Beautiful, non? Spring is such a good time for poetry. I lose all interest in cut flowers in Spring. Gone are the days of buying poppies and jonquils at the markets. Who needs them when there are camellias outside my windows and blossoms in the streets?

of course it is

Exactly.



Postscript: I caught that last photo just in time. Today as I rode by the sky was grey and the blossoms were muddied by the new red leaves coming through on the branches.

7 comments:

Anonymous said...

I have a new job - starting a week or so. It's close to home so last weekend I rode my bike over to my new workplace to see how long it would take, and it is such a great ride across parkland all the way, including fields with cows and all that - very 'All Creatures Great and Small' actually except for the kangaroo family I rode by.

Zoe said...

What, you had to get out the long glove, Dorian?


A lovely post, Ducky, and a beautiful poem.

Ampersand Duck said...

I hope you sat up straight on your bicycle and hummed the appropriate music, D.

Ta, Z.

Anonymous said...

I have a small number of left over panadol forte, and every now and then when nothing else seems to work, I think of them. And then I remember the day I looked at my cooking lunch not long after I'd taken a few...and sometimes that makes me want to take them, and sometimes it makes me want to leave them there.

Mindy said...

Thank you for that poem Ducky. I love it. I look forward to reading your post next year on DM's response to it too!

TimT said...

I do like Rosemary Dobson - I have a copy of her collected/selected/dissected/whatevered poems in my collection. Much better than a lot of the other blustering blokes that make up the Aussie poetry scene. And her Piltdown man poem is just hilarious!
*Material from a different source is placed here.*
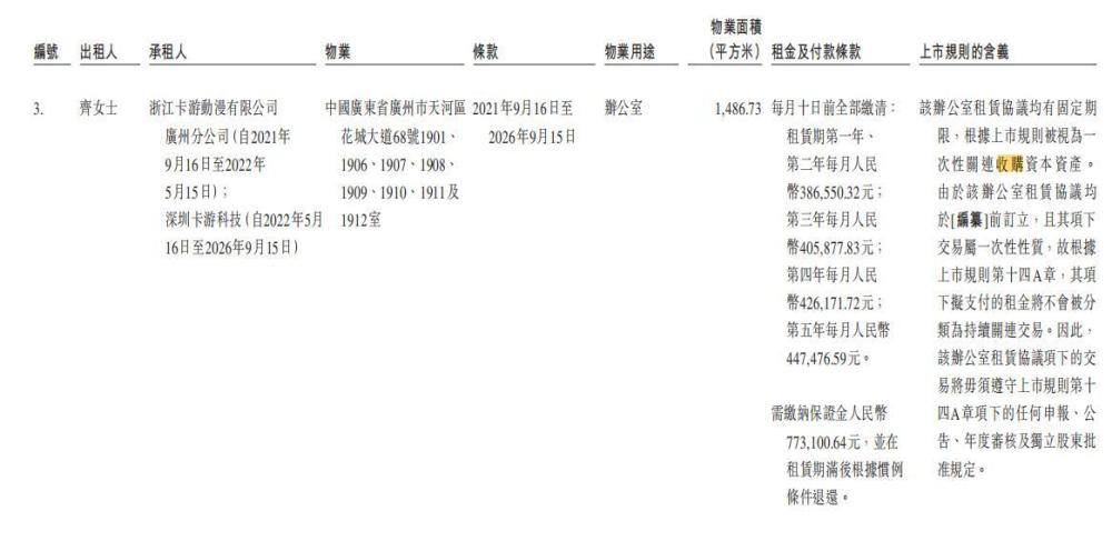 收购同年,卡游旗下的浙江卡游动漫有限公司又向原股东——实控人的妻子齐燕签订租赁合同,以承租人身份分别租1486平米、1516平米的办公室。其中一办公室的前五年月租金分别为38.6万元、38.6万元、40.6万元、42.6万元、44.7万元;另一办公室的月租金为10万元。
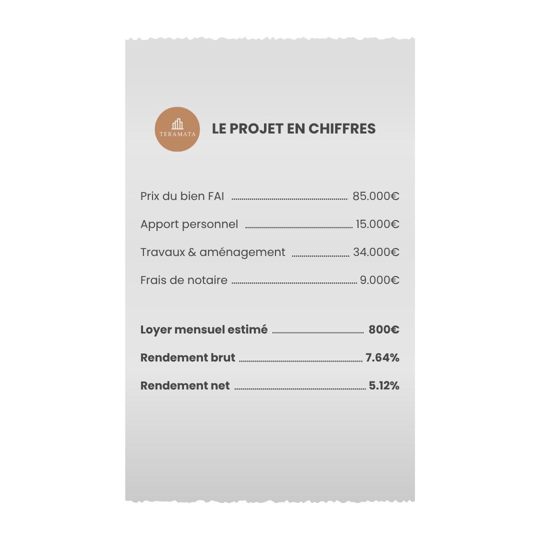 Problème initial : il avait très peu d’apport. Grâce à notre courtier partenaire, il obtient un financement quasi intégral avec un excellent taux. Apport total engagé : 15 000 €.

PS When the subject of favourite poems came up in a Vibewire conversation some time ago, almost all of the poets were from the 20th century. Can I place a request for some obscure Jacobean or Grecian poems?

PPS Mary Gilmore's great, too.

worldpeace and a speedboat said...

woo, great post! delicious photo too, oh the irony of it ;)


btw I am like you Ducky. Panadol Forte (anything Forte) = hell. no Codeine shall pass my lips. god, the horrors... it's worse than being motion-sick and thats one of the banes of my existence!